Imagine submitting a paper as a student. A few days later, you receive feedback. Detailed. Polite. Well-structured. Perhaps even empathetic and warm-hearted. Except: no one has actually read your text.
That scenario is closer than many people think. A new British research project involving Cambridge, Nottingham, and Manchester Metropolitan University, among others, investigated how well AI systems such as ChatGPT, Claude, and Gemini can grade university essays. Not with artificial tests, but with real exams taken by psychology students from three different universities. The researchers compared AI scores with the grades originally assigned by human assessors.
And the result is simultaneously impressive and yet problematic, though perhaps not in the way you might suspect. The AI systems turned out to be remarkably consistent. Sometimes, their agreement was even closer to what you normally see between two human evaluators. Moreover, the AI systems were often more consistent with each other than with humans.
But… consistency is not necessarily the same as good assessment. For as soon as the researchers took a closer look at exactly what AI was responding to, things went wrong. The systems turned out to be systematically more sensitive to language form than human assessors. Longer essays received higher scores more easily. The same applied to texts with more complex sentences, richer vocabulary, and more connecting words between ideas.

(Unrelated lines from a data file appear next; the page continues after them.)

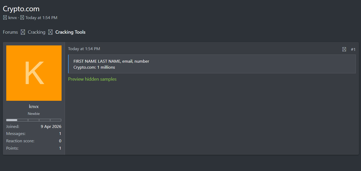 黑客论坛曝光Crypto.com平台用户数据库,泄露约100万条记录,包含大量用户姓名、邮箱地址及电话号码等个人信息。
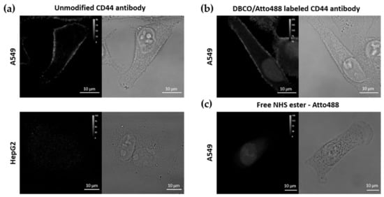 Immunofluorescence (IF) using (a) the unmodified primary rat anti-human CD44 antibody and a secondary donkey anti-rat IgG Alexa Fluor 488 antibody on A549 and HepG2 cells, (b) dual DBCO/Atto488-labelled CD44 antibodies in A549 cells and (c) free NHS ester-Atto488 molecules. Scale bar is 10 µm.
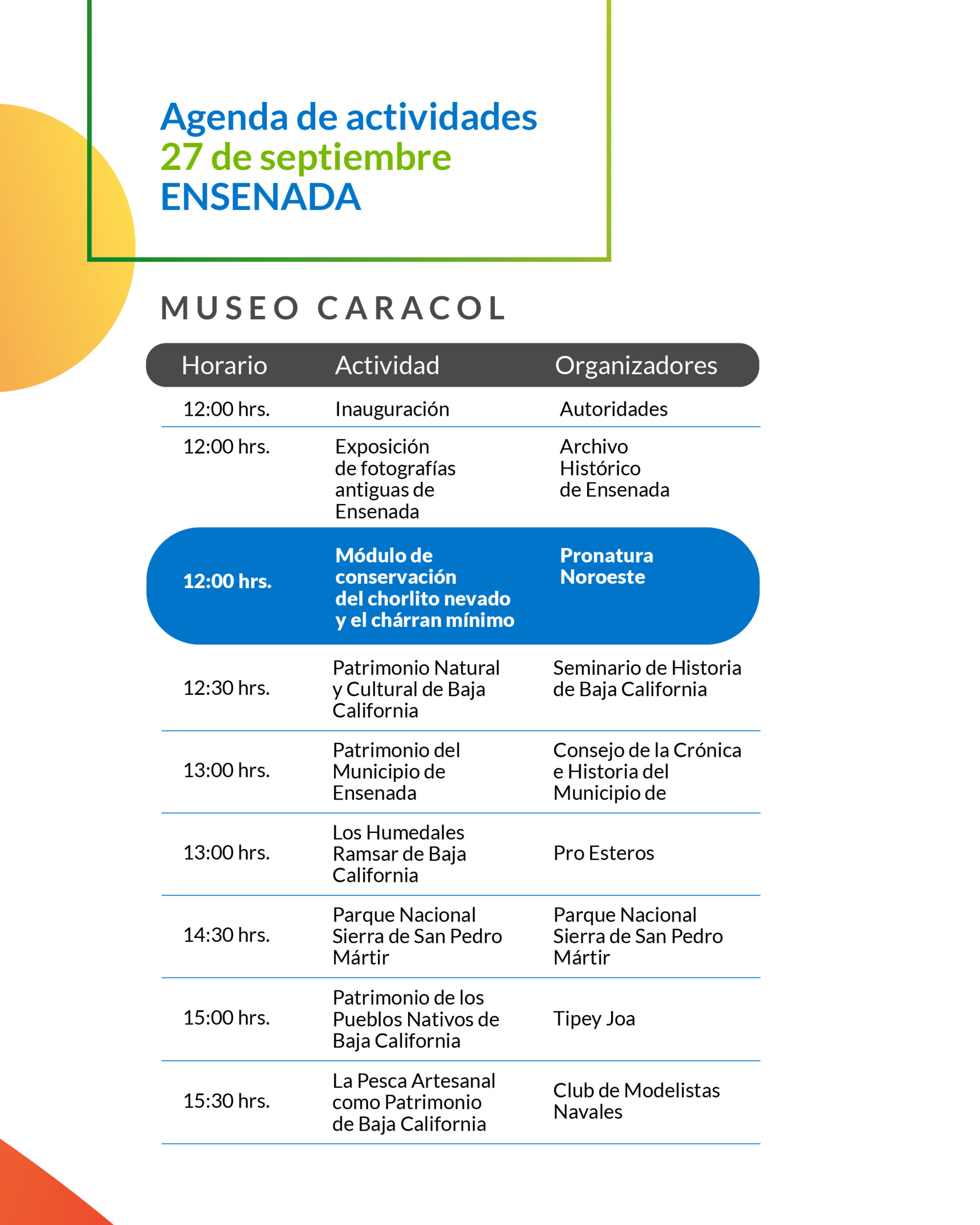 Uno de los eventos centrales será el Patrimonio Fest en Ensenada, organizado en el Caracol Museo de Ciencias, con la participación de Pronatura Noroeste, donde se realizarán talleres y actividades alusivas a la conservación ambiental y cultural.
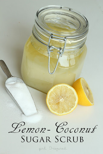 First, I grated a couple lemons and added the zest to a jar of granulated sugar (about 2 cups) while Olivia squeezed in the juice of three or so small lemons. She stirred it together, then poured in the coconut oil. Mix the contents of the jar thoroughly and that’s all there is to it! I keep this sitting next to my kitchen sink for freshening up and feeling fancy after washing the dishes! You might think that the coconut oil would leave your skin greasy, but it totally doesn’t!
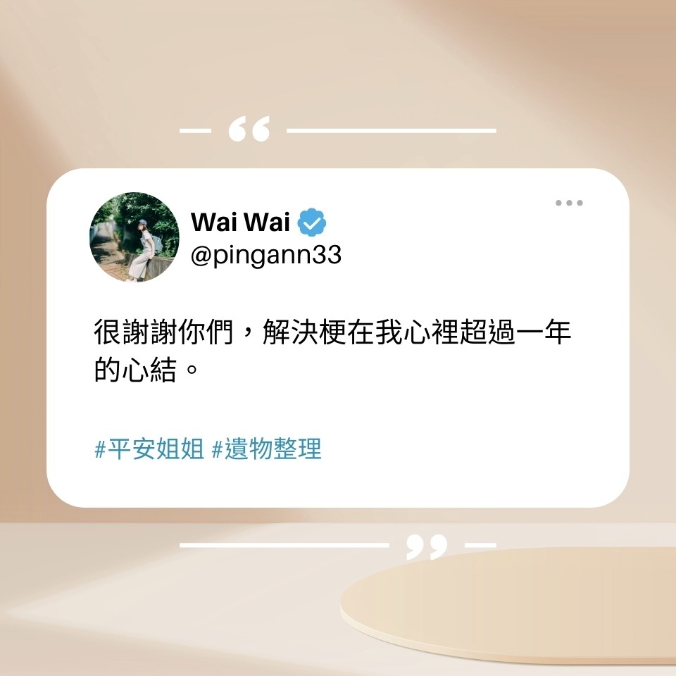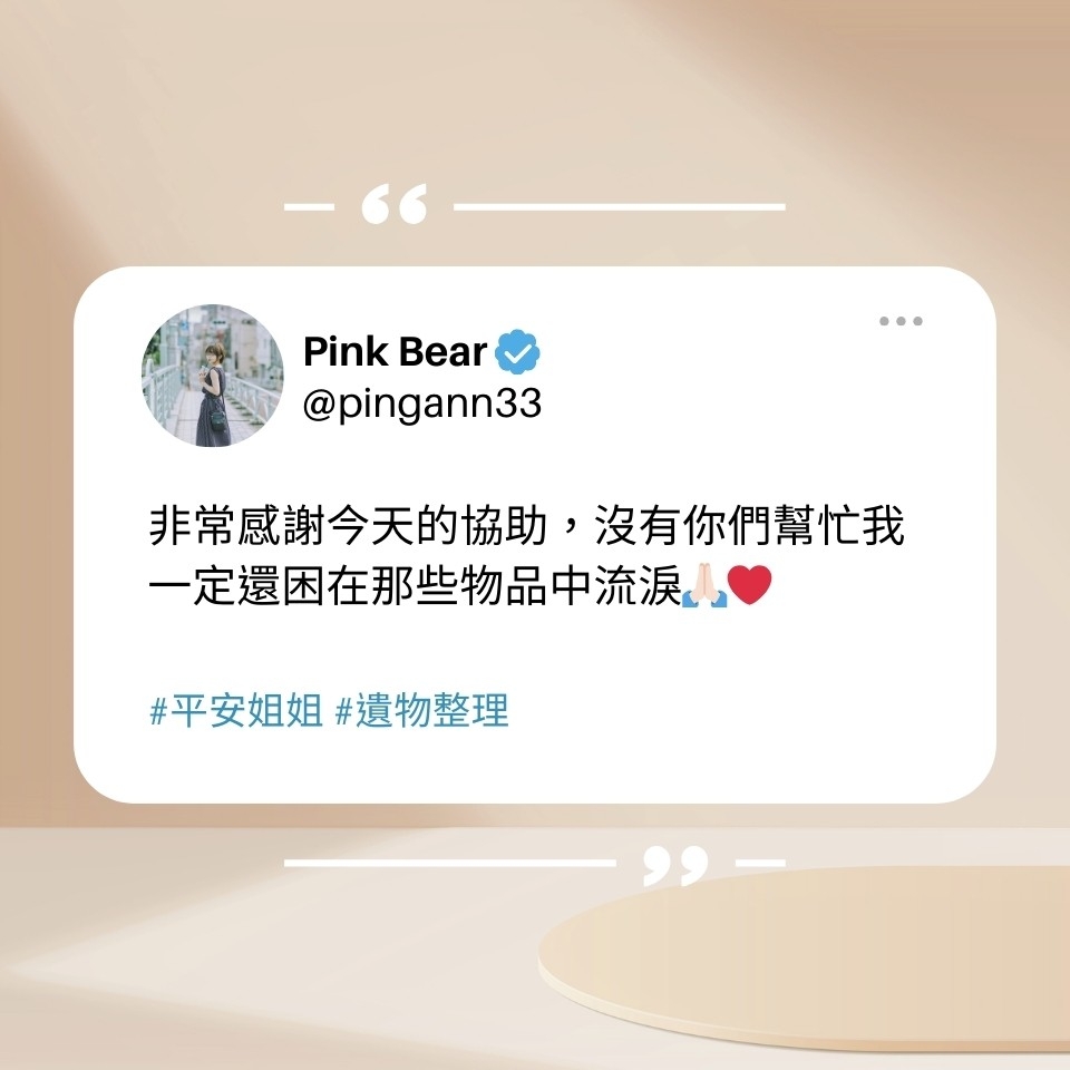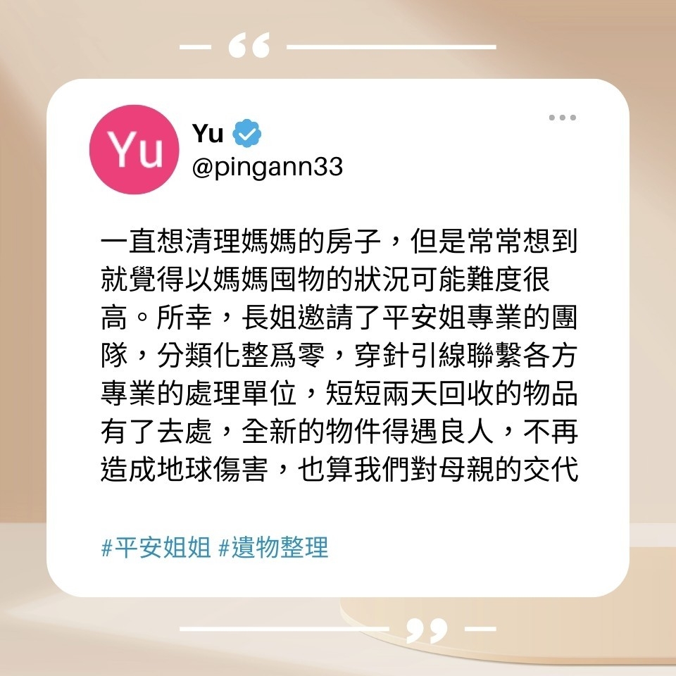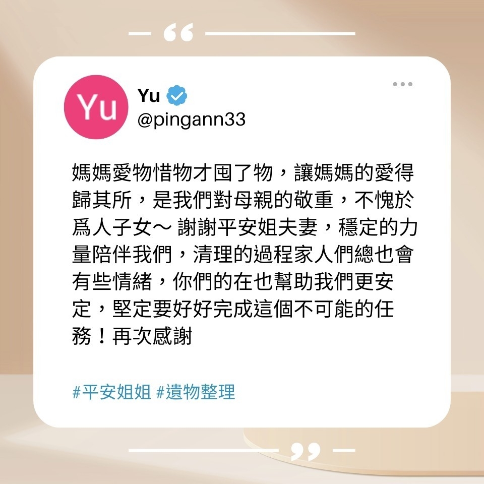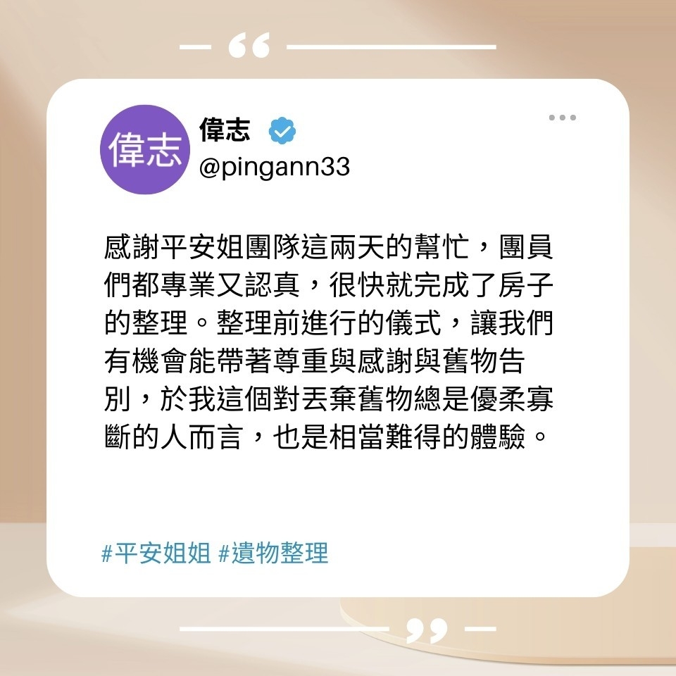 在面對過去的時候,讓我們的遺物整理服務陪伴您走過這段心靈旅程。每一件物品都是一段故事,讓我們一起珍藏回憶,重拾勇氣與愛。隨時預約,讓心靈得到釋放!

That is actually logical. A language model predicts language. It does not “understand” an essay in the way a teacher or instructor tries to do. The software looks for statistical patterns that often go hand in hand with good texts. However, those patterns are not always synonymous with quality.
Even more striking was a second effect: AI tended to pull everything towards the middle. Weak essays received relatively high scores, strong essays relatively low ones. Precisely where evaluation often becomes most important, at the boundaries between pass and failure or between average and excellent, AI proved to be the least reliable.
That makes this research more interesting than so many discussions about “AI works” or “AI doesn’t work”. In fact, the systems clearly *do* work (partially). Just not necessarily in the way educational assessment is intended to work.